TASK INSTRUCTIONS
What is needed is an exact repetition of the lines below, from the first one through the one holding "Фасад - декора", with no pictures and nothing else.

SUPPLIED ENTRIES

------------------------------

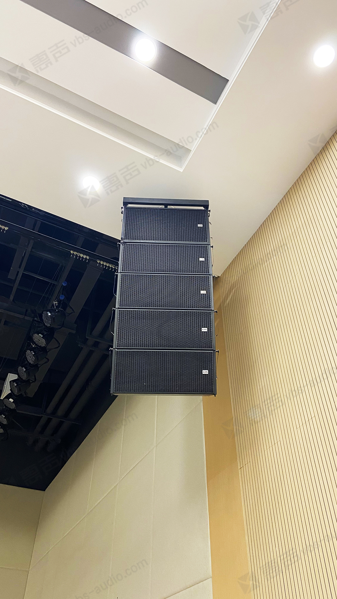 3、擴(kuò)聲音箱前場(chǎng)采用4+1線陣音箱組合作為主擴(kuò)音箱,中場(chǎng)還設(shè)有2只補(bǔ)聲音箱,舞臺(tái)前場(chǎng)裝有嵌入式臺(tái)唇音箱,以及舞臺(tái)上擺放返聽音箱。音箱實(shí)現(xiàn)覆蓋均勻、擴(kuò)散度好、聲壓級(jí)大、指向性好、遠(yuǎn)近場(chǎng)的區(qū)別較小。
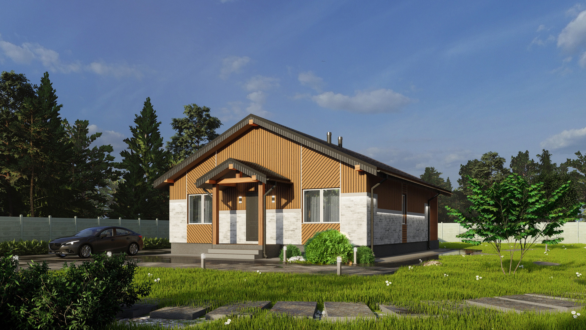Фасад - декоративная штукатурка и краска немецкой компании DERUFA, утепеление 100мм минеральной эковаты.
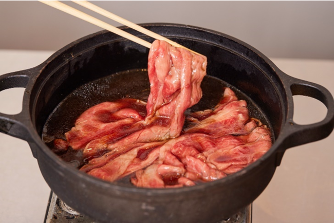 松阪牛は松阪肉牛協会が運営する「松阪牛個体識別管理システム」に登録された黒毛和牛の中でも、未経産の雌牛のみが“松阪牛”と呼称できる日本が世界に誇るブランド牛です。その松阪牛の上質な肩ロースを1枚ずつさっと火を通し、特製のすき焼きだれに絡ませて、お肉の旨味を最大限に引き出します。脂の融点が低いので、口に入れた瞬間にとろけるような食感をお楽しみいただけます。
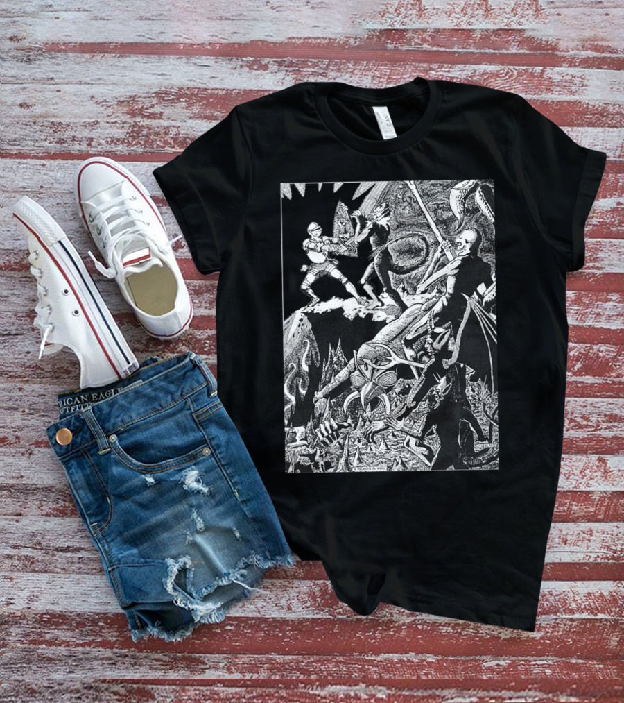 PALADIN IN HELL Classic Dungeon Adventure Battle Scene With Demons And Warriors T-Shirt
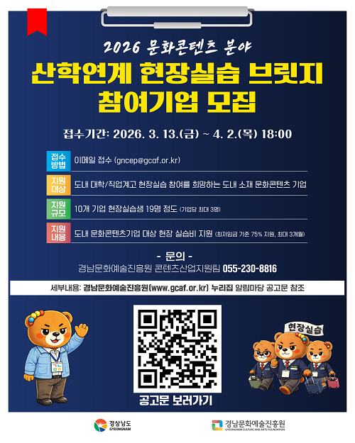 경남도와 경남문화예술진흥원은 지역 콘텐츠 산업의 인력난 해소와 청년 인재 양성을 위해 '2026 문화콘텐츠 분야 산학연계 현장실습 브릿지 사업'을 추진한다고 17일 밝혔다.
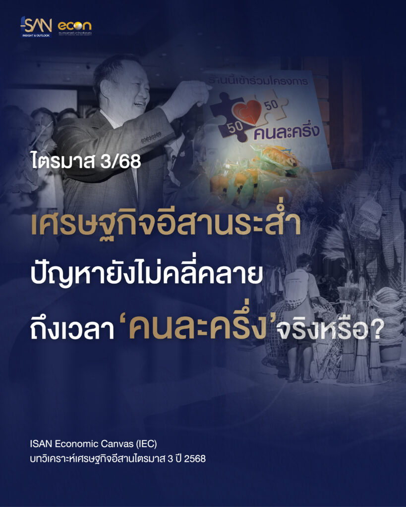 เศรษฐกิจอีสานไตรมาส 3/2568 กำลังเผชิญแรงกดดันรอบด้าน ทั้งภาษีสหรัฐฯ ที่ปรับขึ้น ปัญหาชายแดนไทย–กัมพูชาที่กระทบการค้า ไปจนถึงการเมืองในประเทศที่ยังไม่มั่นคง ส่งผลให้การจับจ่ายซบเซาและการลงทุนชะลอตัว ท่ามกลางวิกฤต รัฐบาลใหม่ของนายอนุทิน ชาญวีรกูล เสนอ “คนละครึ่งพลัส” เพื่อพยุงกำลังซื้อ แต่ก็เกิดคำถามตามมาว่า มาตรการนี้ยังเหมาะสมจริงหรือไม่?
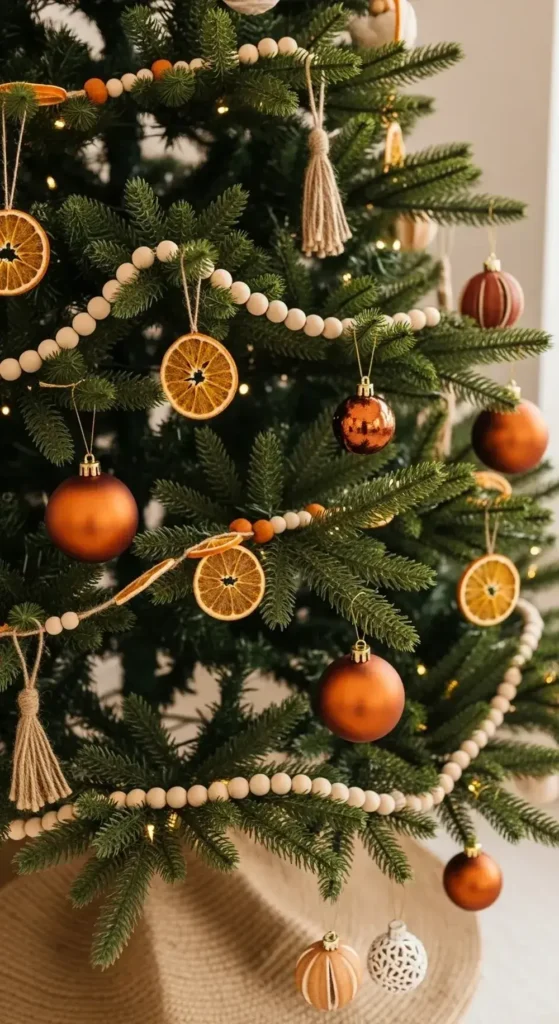 Bring some warm, earthy tones into your holiday decor. Think terracotta-colored ornaments and dried orange slices on the tree.
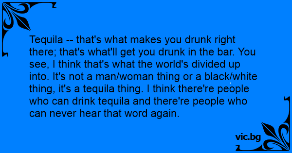 Tequila -- that's what makes you drunк right there; that's what'll get you drunк in the bar. You see, I think that's what the world's divided up into. It's not a man/woman thing or a black/white thing, it's a tequila thing. I think there're people who can drink tequila and there're people who can never hear that word again.
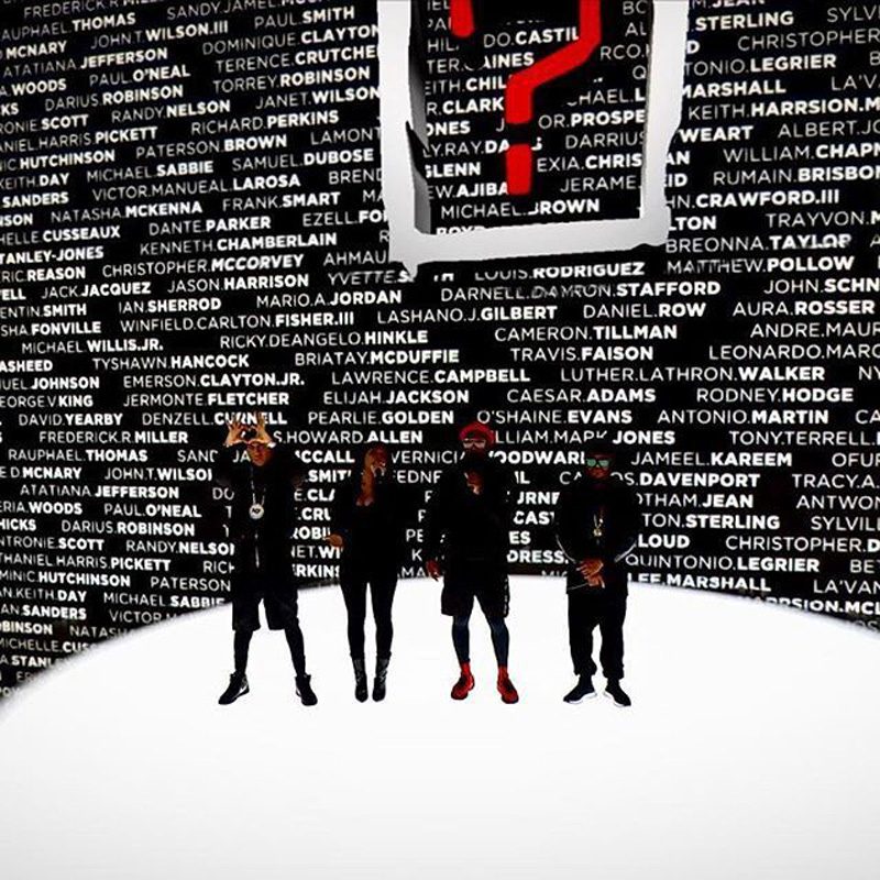In der Performance zu ihrem wahrscheinlich bekanntesten Song „Where is the Love?“ steht die Band auf einer Plattform und über ihnen schwebt ein rotes Fragezeichen als AR-Element. Im Hintergrund tauchen im Verlauf des Songs die Namen der Opfer von Polizeigewalt auf. „Mit der Kombination aus Kameratracking, Echtzeit-Rendering, und virtuellen Umgebungen direkt im Live-Set und in Betrachtung mit der Kamera erlaubt xR Technologie den Auftretenden, ihr Umfeld direkt zu sehen und damit zu interagieren“, sagt Tom Rockhill, CSO bei disguise.
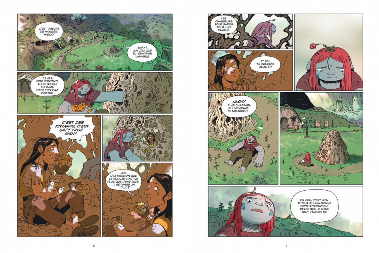 Issue d’une tribu de chasseurs-guerriers, elle se voit marginalisée pour sa naïveté et ses innovations ingénieuses jugées étranges. La rencontre d’Hana, une jeune humaine au passé mystérieux retenue prisonnière, sera pour elle un refuge autant qu’une porte ouverte pour trouver sa propre voie.
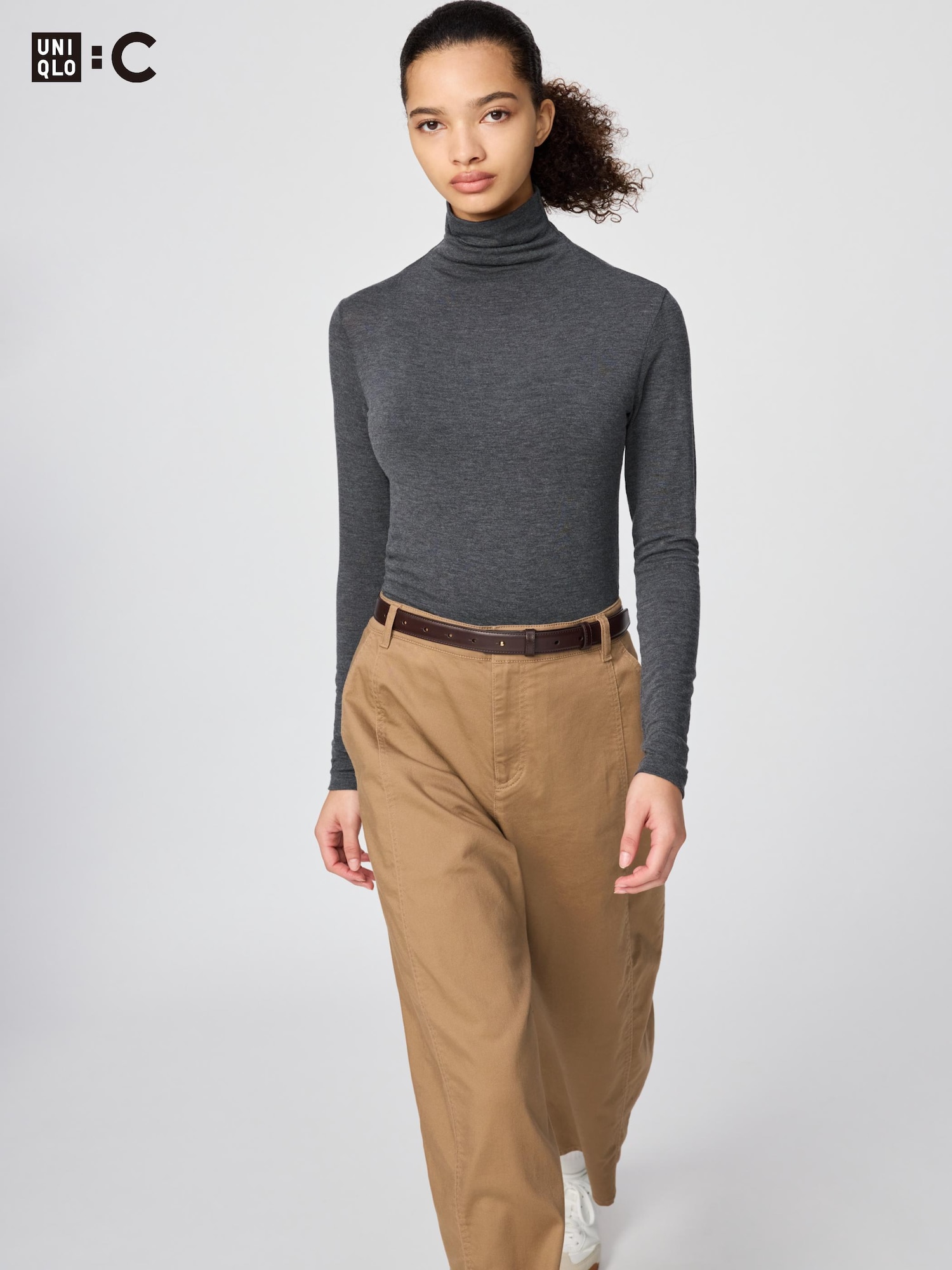 ¥2,990店頭で並んでるのを見て思わず購入してしまいました。私の目にはオンラインの写真より少し緑が入っているように感じます。自称ブルーベース(サマー)なので似合う色味ではありませんが、この色を着たいと思ったので挑戦します。サイズは、普段UNIQLOのトップスはSがジャストサイズですが、今回は体のラインをひろいやすい薄めのリブニットであることと、洗濯で縮むことを想定してLにしました。質感はさらっとしていて、まるでレーヨンが入っているかのような。このエクストラファインメリノのシリーズで、モックネックが出てくれると嬉しいです。そしてインパクトのある色味がもっと増えてくれたら更に嬉しいです。
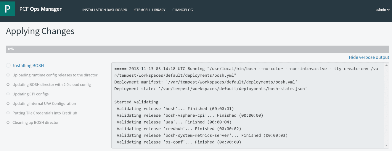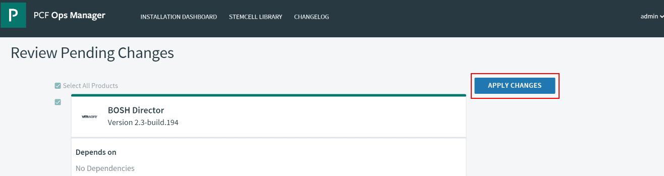 This will initiate the Applying Changes process which will installย BOSH and deploy your other infrastructure VMs in vSphere among other things.
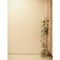 幾何学的なレリーフが光を柔らかく受け止め、玄関に立体感と上質な表情を生み出します。
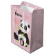 Sac Cadeau Moyen Bébé Panda Ours Rose Coeurs Personnalisé
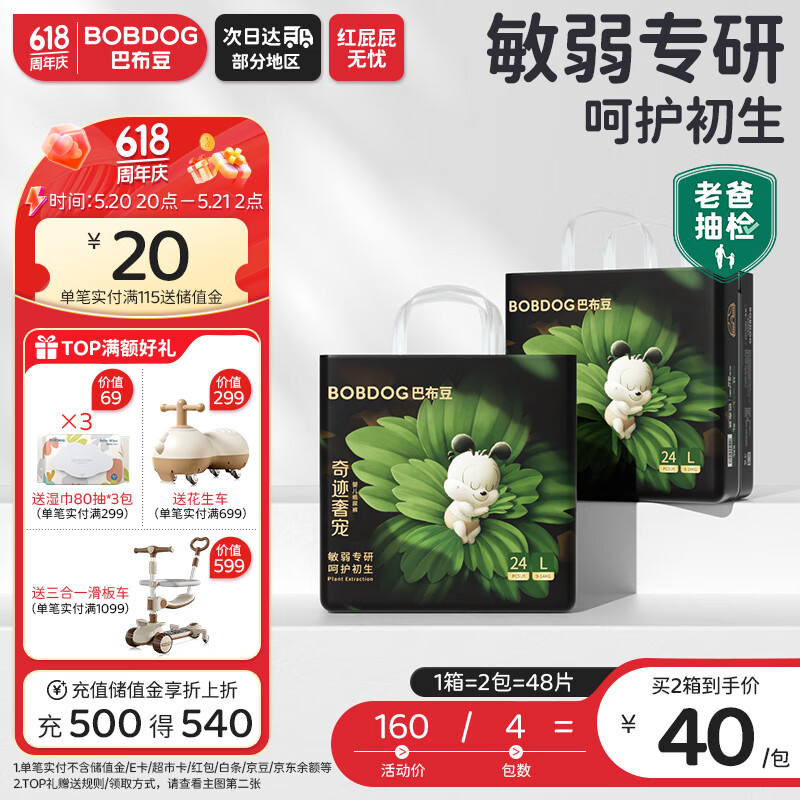 巴布豆(BOBDOG)【老爸】奇迹奢宠婴儿纸尿裤L码48片(9-14kg)凤凰草植萃舒敏价格:158.00元!
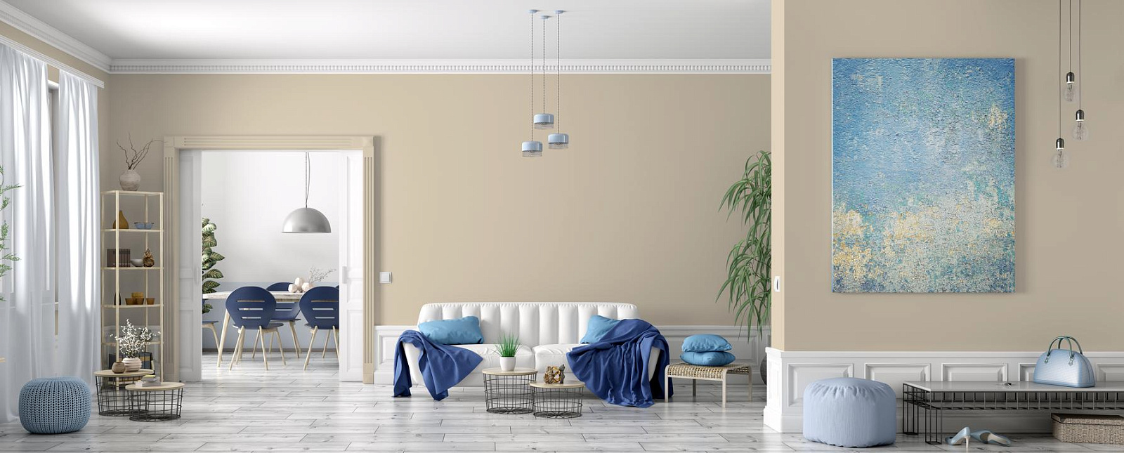 В интерьере этот цвет наполняет пространство солнечным теплом. Он отлично сочетается с морскими акцентами и деревом. При разном освещении меняется от бежевого до золотистого.
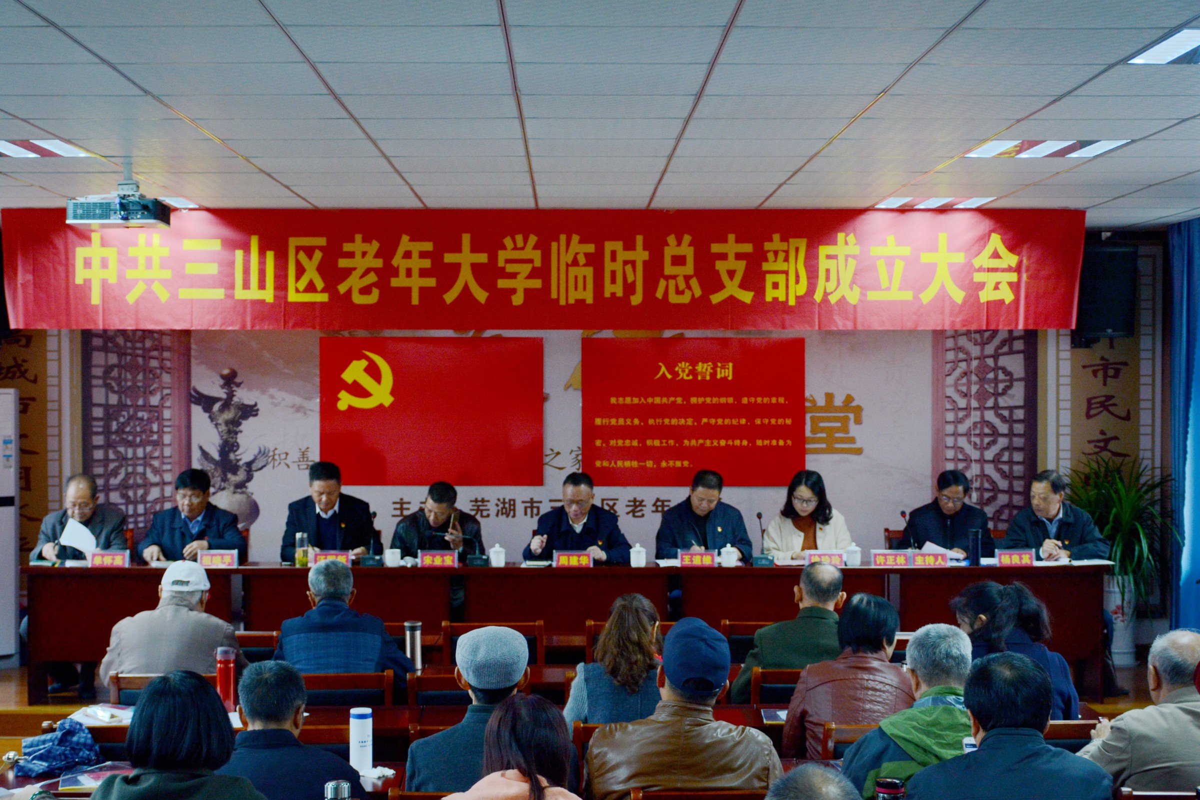 11月8日,芜湖市三山区老年大学召开临时党总支成立大会,区老教委副主任、区老年大学校长周建华到会讲话,区老教委办公室主任宋业宝、龙湖街道党工委书记王道维、龙湖街道党工委副书记徐玲玲等领导出席会议,区老年大学临时党总支委员和50多名党员参加会议。会议由临时党总支副书记许正林主持。
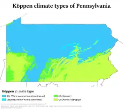 Pennsylvania has three general climate regions, which are determined by altitude more than latitude or distance from the oceans. Most of the state falls in the humid continental climate zone. The lower elevations, including most of the major cities, has a moderate continental climate Köppen climate classification (Dfa), with cool to cold winters and hot, humid summers. Highland areas have a more severe continental climate (Köppen Dfb) with warm, humid summers and cold, more severe and snowy winters. Extreme southeastern Pennsylvania, around Philadelphia borders a humid subtropical climate (Köppen Cfa), with milder winters and hot, humid summers.
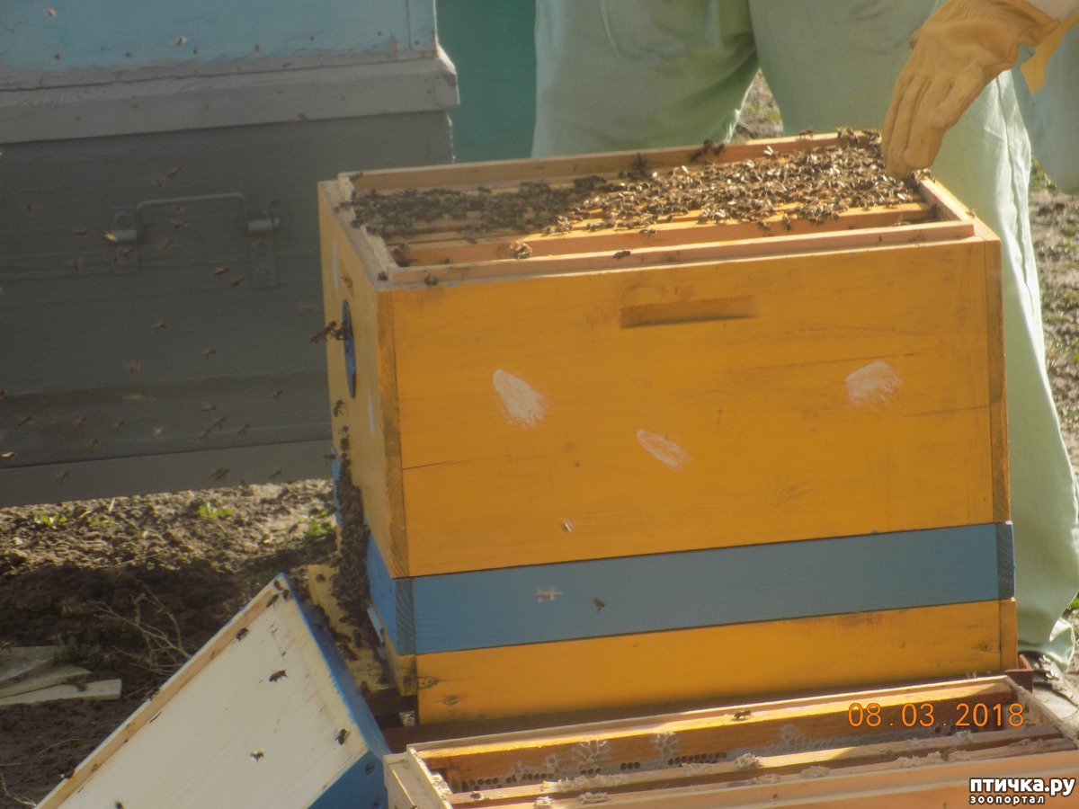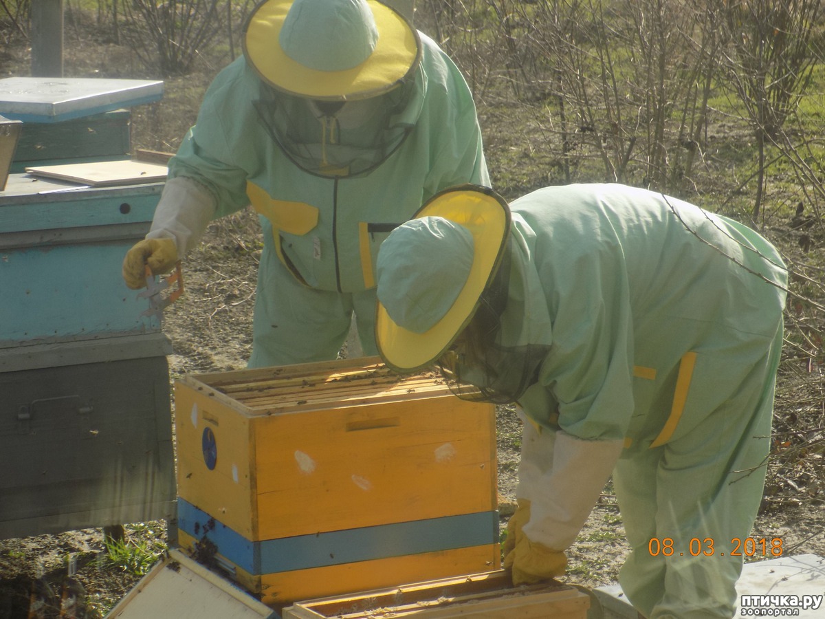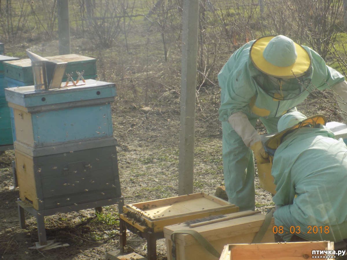 Ну, расскажу ещё вам об одном интересном моменте из вчерашней хроники. У нас на участке есть небольшая пасека 10 ульев. так вот, вчера, не взирая на праздник, мои молодые пчеловоды решили для начала заняться делом. Дело в том, что за зиму пчёлки съели весь мёд, который у них в зиму не отбирается, а оставляется для подкормки. Нужно было срочно загрузить в ульи свеженькую в виде сладкого сиропа, смешанного с мёдом. А для этого необходимо было вскрыть поочерёдно все ульи.

------------------------------

WRITTEN SOLUTION
 3、擴(kuò)聲音箱前場(chǎng)采用4+1線陣音箱組合作為主擴(kuò)音箱,中場(chǎng)還設(shè)有2只補(bǔ)聲音箱,舞臺(tái)前場(chǎng)裝有嵌入式臺(tái)唇音箱,以及舞臺(tái)上擺放返聽音箱。音箱實(shí)現(xiàn)覆蓋均勻、擴(kuò)散度好、聲壓級(jí)大、指向性好、遠(yuǎn)近場(chǎng)的區(qū)別較小。
Фасад - декоративная штукатурка и краска немецкой компании DERUFA, утепеление 100мм минеральной эковаты.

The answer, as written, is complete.